Death, Dying, and the “Fix-it-urge”

Dayna Lee-Baggley calls for improved training for healthcare providers in providing care to patients at the end-of-life.


On June 20, 2016, Julianna, a 5-year-old girl, died from an incurable disease. Julianna made international headlines because her parents and doctors supported her decision to choose “heaven” instead of “hospital” if she had a potentially fatal complication. Julianna’s mom, Michelle Moon, recounts her conversation with Julianna about this decision on her blog.

Michelle reports that she asked Julianna if she’d like to stay home or go to the hospital if she got sick again. She explained to her daughter that choosing to stay home could mean that she would go to heaven without her family. In response, Julianna said she understood and that she believed God would take care of her.

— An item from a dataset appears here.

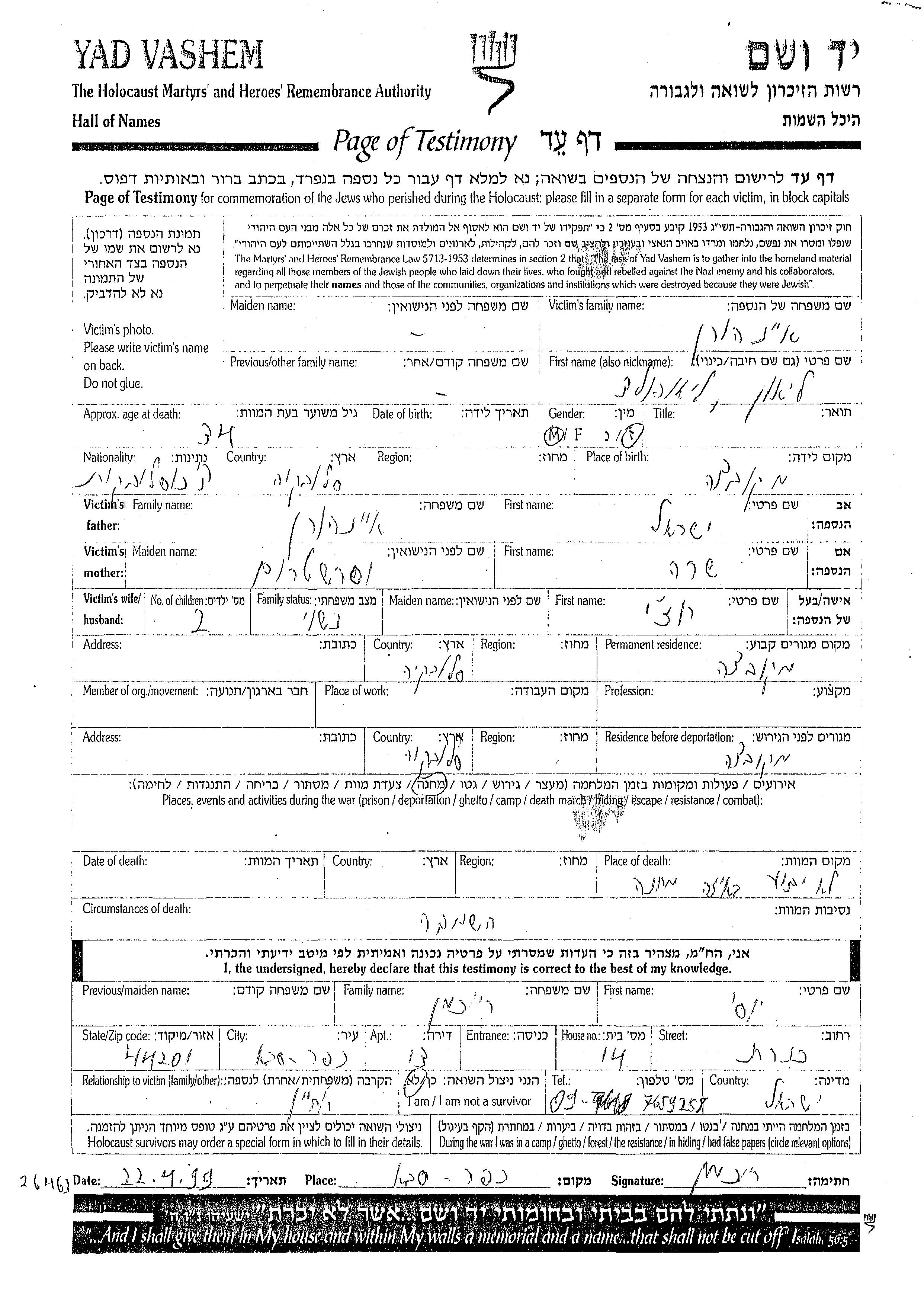Yad Vashem - Colección conmemorativa de Hojas de Testimonio

Julianna’s story raises a number of ethical issues regarding the ability of children to make end-of-life decisions. These issues have been heavily discussed in the media. However, less often discussed is the ability of adults to make such end-of-life decisions. This ability is often presumed. For example, in Elizabeth Cohen’s special CNN report on Julianna, she wrote “If Julianna were an adult, there would be no debate about her case: She would get to decide when to say ‘enough’ to medical care and be allowed to die.” In spite of Cohen’s assertion that there would be “no debate” about adult end-of-life decision-making, research and clinical experience suggest that end-of-life decisions are not so straightforward for adults.

Most people want a peaceful death at home surrounded by their family. And yet, the majority of us die in hospital after tens of thousands of healthcare dollars have been spent to extend our life by only a few months. Research suggests that this extended life is often poor in quality. Interestingly, the desire to die at home is also true of healthcare providers. For example, when physicians are faced with a terminal illness they rarely engage in the type of life-extending medical interventions that they so often recommend to their patients. Instead, when possible, physicians choose to spend time with their family and die at home.

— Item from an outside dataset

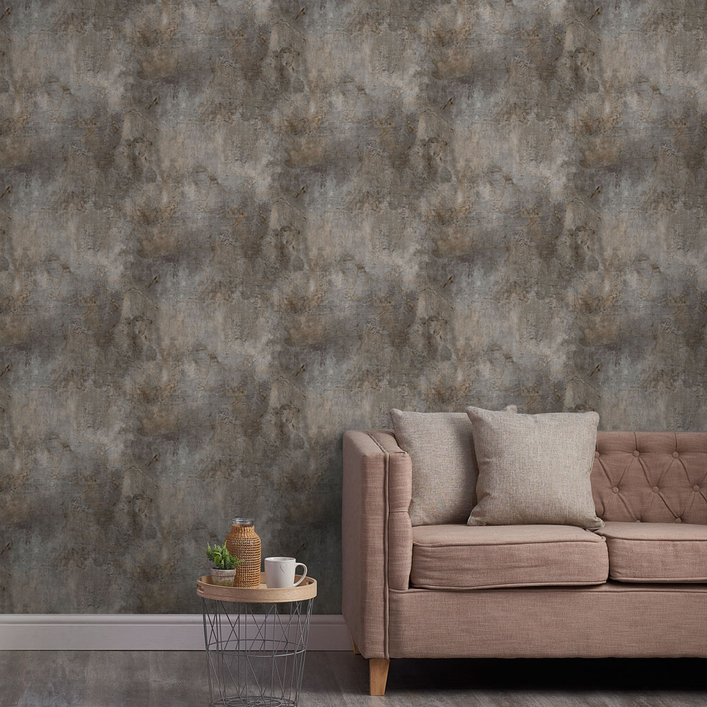 Elevate your interior with the Grandeco Plaster Patina Castello Neutral Wallpaper, a collaboration between Grandeco Wall Fashion Group and Paul Moneypenny, the renowned British TV personality and ',King of Wallpaper',. Paul',s expertise shines through in this unique, accessible, and easy-to-apply collection. Inspired by his eclectic style, the design features industrial textures in blue-grey colour palettes, accented with metallic or gold highlights, for a contemporary, minimalist feel. The photorealistic concrete effect, blended with soft brushed textures in warm neutral tones, beautifully mimics distressed fresco walls. A plaster-style embossing enhances the realism. This versatile design works equally well as a statement piece or blended seamlessly into any room',s décor.

How can we make sense of the discrepancy between what healthcare providers recommend for their patients and what they choose for themselves at the end-of-life? Having spent many years in the healthcare setting, I think healthcare providers have a “fix-it urge;” a strong desire to help their patients. This is an admirable quality that allows them to face difficult and challenging working conditions on a daily basis. After all, how many of us have to worry about people dying when we go to work. Healthcare providers willingly take on this challenging job on a daily basis. They routinely face sick, suffering, and dying individuals. Often, they are present with individuals who are at the worse points in their lives.

But the “fix-it urge” can have maladaptive outcomes, as when it impels healthcare providers to focus on quantity of life (and continue providing life-extending treatment) when they should be focusing on quality of life. For example, in discussing this topic with my colleagues, one healthcare provider described a situation in which he knew that proceeding with more tests and procedures was not really indicated. Yet, he reported, “I felt like I had to do something to help him.” Healthcare providers often view “help” as keeping individuals alive for longer rather than considering their quality of life. Unfortunately, healthcare providers are rarely taught about how to deal with the complex emotions around the end-of-life – both their own emotions and those of their patients.

End-of-life decision-making deserves further research in order to better understand the forces within the healthcare system that lead to unfavourable outcomes for providers and patients. Only then will we be able to offer all patients the option that little Julianna had.


Dayna Lee-Baggley is a Registered Psychologist at the Nova Scotia Health Authority, Central Zone and an Assistant Professor in the Faculty of Medicine at Dalhousie University in Halifax, Nova Scotia.